Multisensory contributions to speech perception

Why understating someone can get much better if we can see them?

Image from Weikum et. al. 2007

The speech signal is a naturally multisensory, because it is simultaneously available to the ear and to the eye. The case of speech is particularly rich and interesting because the different nested layers of information involved in communication (from semantics to phonetics). For example, the study of how articulatory gestures from the speakers’ mouth are bound to their correlated sounds has become one of the most popular test models from which multisensory processes are studied in humans. It has been long known that the availability of facial movements from the speaker improves speech perception under noisy condition. On the other hand, the classic McGurk illusion (many web demonstrations, see ours: Video1 and Video2 from Cosmocaixa demos) speaks to the profound influence of visual speech information in the way we perceive the spoken message. Our interest is to go beyond the expression of audio-visual integration in speech and attempt to grasp the mechanisms that underlie this particularly important multisensory capacity of humans. 

see ours video demonstrations from Cosmocaixa demos: Video1and Video2

 

Audio-visual speech integration and predictive coding

 

One interesting idea currently under debate is the possible role of visual information in facilitating the processing of auditory speech via predictive mechanisms. In simple words, visual information might provide ahead of time information about the possible speech sounds, thereby constraining (and speeding up) the parsing of the spoken sounds. This framework capitalizes on the fact that, for biomechanical reasons, speakers mouth shapes up in advance of sound production, and that this information could be used up very efficiently by the perceiver. We have attempted to provide some evidence for such mechanism showing behavioral advantages and ERP correlates for predictive vs. non-predictive visual context on auditory speech processing. In one of our last studies, we have extended this idea to the realm of the hand gestures that accompany speech. In this case, gestures would provide reliable advance cues for important words. Using EEG time-frequency analyses on the perceiver’s side, we have been able to discover that hand gestures tend to synchronize low-frequency (theta) neural activity, and desynchronize alpha activity, in preparation for upcoming words.

 

The case of audio-visual integration in the second language 

Many of us have experienced the frustration of trying to hold a conversation over the phone in a second language, just when we thought we started to be fluent!  Why is it so much better to understand a second language when you see the speaker?
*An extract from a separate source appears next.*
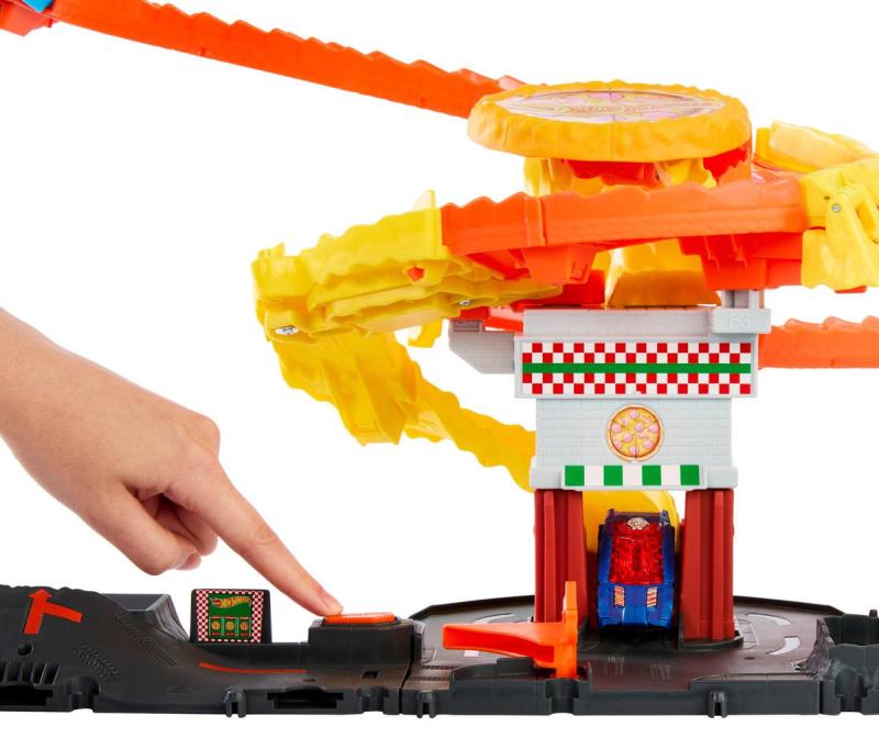 Postavte se hladové kobře, která se vplížila do pizzerie, a zachraňte Hot Wheels City stejně jako v seriálu Let`s Race od Netflixu! Najeďte kobře na ocas a pusťte ji, abyste zjistili, kterou ze tří náhodných cest se auto vydá. Prožene se kobří tlamou a skončí v popelnici? Možná ho čeká nešťastná jízda, která skončí v tlamě tvora. Nebo možná vyšle pizzu do tváře kobry a porazí ji! Sada obsahuje parádní detaily dráhy, které inspirují k vyprávění příběhů a lze ji připojit k dalším sadám Hot Wheels City. Každá se prodává samostatně. Součástí balení je jedno autíčko Hot Wheels. Barvy a provedení dekorací se mohou lišit.Rozměry balení (š v h): 40,5 x 25,5 x 10cm

The integration of heard and seen speech has received a good deal of attention in monolingual contexts and its benefits have been repeatedly documented. Yet, the potential benefits of multisensory integration when dealing with speech in a second language has not received nearly as much attention. This is especially striking given that most of the world population lives in multilingual societies. From the mere perspective of sensory and perceptual processing, it is widely accepted that the speakers of a language (monolingual or bilingual) will make use of as many cues as there are available to them in order to effectively decode the spoken signal. We have hypothesized that audio-visual integration can help make up for the impoverished speech recognition in second languages. At present, we have performed two studies where we use fMRI to compare brain activity related to the audio-visual perception of native language with that of second language. Our results converge on the idea that audiovisual integration of a second language does not rely on a different network than the first language, but it does modulate the weight of the different nodes in a common network.

 

Representative publications:

Biau E, Soto-Faraco S.  2013.  Beat gestures modulate auditory integration in speech perception. Brain and Language. 124(2):143-152.
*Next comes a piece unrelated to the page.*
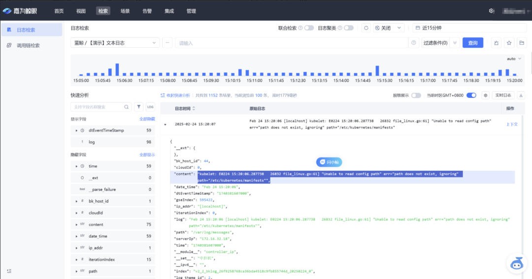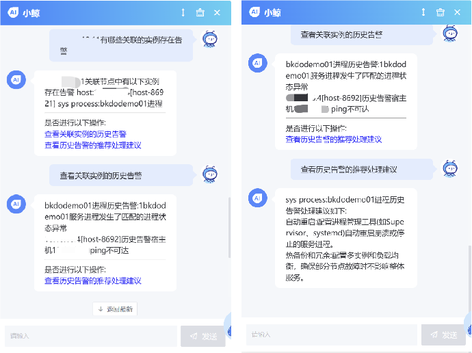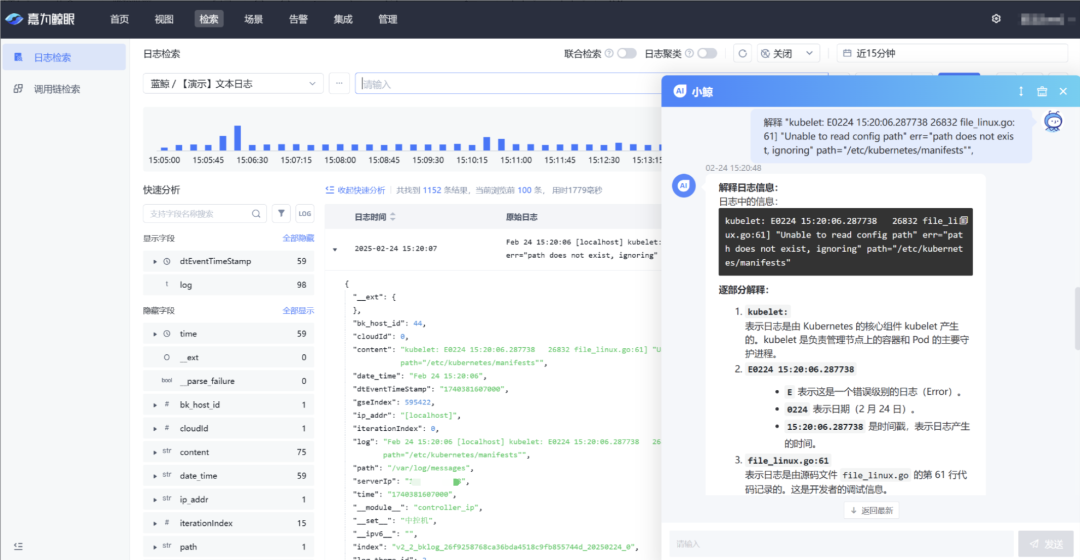 在日常运维工作中,您在页面就能随时唤醒小鲸观测助手,与小鲸观测助手进行互动交流。当您在故障排查过程中,遇到看不懂的错误日志时,可利用“划词问答功能”选中日志中的关键内容向小鲸观测助手提问。小鲸观测助手即时提供专业解答,大幅提升故障排查效率。

Barrós-Loscertales A, Ventura-Campos N, Bustamante JC, Alsius A, Calabresi M, Soto-Faraco S, Avila C.  2009.  Neural correlates of audio-visual integration in bilinguals. NeuroImage. 47(1):S39-S41.

Soto-Faraco S, Alsius A.  2007.  Conscious access to the unisensory components of a cross-modal illusion. Neuroreport. 18(4):347–50.

Weikum WM, Vouloumanos A, Navarra J, Soto-Faraco S, Sebastián-Gallés N, Werker JF.  2007.  Visual language discrimination in infancy. Science. 316(5828):1159.